JB

Project 01 · 2026

TraceGraph

A static analyzer that parses every module in a Python project, resolves its imports into a directed graph, and uses that graph to catch circular imports before they crash at runtime — and to pick out exactly which tests a code change can affect.

PythonastTarjan SCCpytestcoverage.py

Deep-dive video — coming soon

TraceGraph

Highlights

  • Resolves relative, dynamic, and TYPE_CHECKING imports into a directed module graph; dynamic imports it can't resolve are reported as explicit blind spots, never silently dropped.

  • Every edge carries context (module, function, type-checking) and binding (module vs. symbol) tags, so cycle detection can tell benign cycles from the ones that actually raise ImportError on a partially initialized module.

  • Iterative Tarjan SCC detection over load-time edges uncovered a type-checking misclassification affecting 41 imports in Flask.

  • Test impact analysis over reverse dependencies, validated against coverage.py ground truth on Flask (491 tests) and Requests (635 tests) — 100% recall, zero false negatives, with 8–34% test suite reduction.

Why I built it

Python lets you import almost anything from almost anywhere — until the day two modules need each other at load time and the whole app dies with an ImportError on a half-initialized module. The frustrating part is that most import cycles are actually fine: Python tolerates cycles that only pass module objects around. The dangerous ones are those where load-time code reaches into another module's namespace before it exists.

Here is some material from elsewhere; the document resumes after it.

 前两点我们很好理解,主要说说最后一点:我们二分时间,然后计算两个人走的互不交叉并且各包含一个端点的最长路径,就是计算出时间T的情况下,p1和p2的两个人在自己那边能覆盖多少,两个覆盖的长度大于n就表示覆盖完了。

TraceGraph is built around that distinction. It parses every file with Python's own ast module, resolves each import to a real module in the project, and tags each edge with when the dependency is realized (at import time, inside a function, or only for type checkers) and what it binds (the module object, or symbols out of its namespace). A cycle is only flagged when it runs through at least one load-time symbol edge — the pattern that can actually blow up.

Test impact analysis

The same graph, walked in reverse, answers a second question: if I change this file, which tests do I need to run? TraceGraph selects every test module with a dependency path to the changed file.

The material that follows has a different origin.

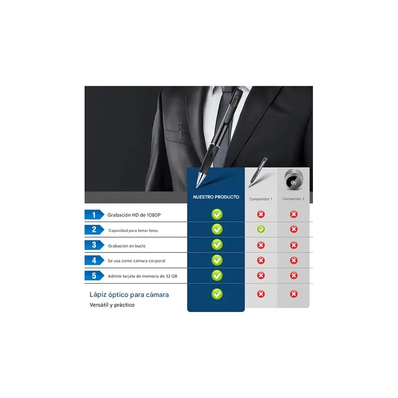 ¿Buscas una camara escondida que no llame la atención, funcione sin WiFi y sea útil para múltiples cosas? Esta lápiz cámara es mejor que otras opciones: combina HD 1080P, diseño discreto y utilidad como lápiz — todo en un solo producto. No esperes más para proteger tu hogar, registrar reuniones o capturar momentos importantes: ¡agrega al carrito ahora y disfruta de la comodidad y seguridad que necesitas!

Claims like that are easy to make and hard to trust, so the selection is validated empirically. A harness runs a target project's real test suite under coverage.py with one dynamic context per test, giving ground truth for which tests actually executed each module. Against Flask (491 tests) and Requests (635 tests), TraceGraph's static prediction achieved recall 1.00 — it never missed a test that mattered — while cutting the suite by 8–34% depending on how the project's fixtures are wired.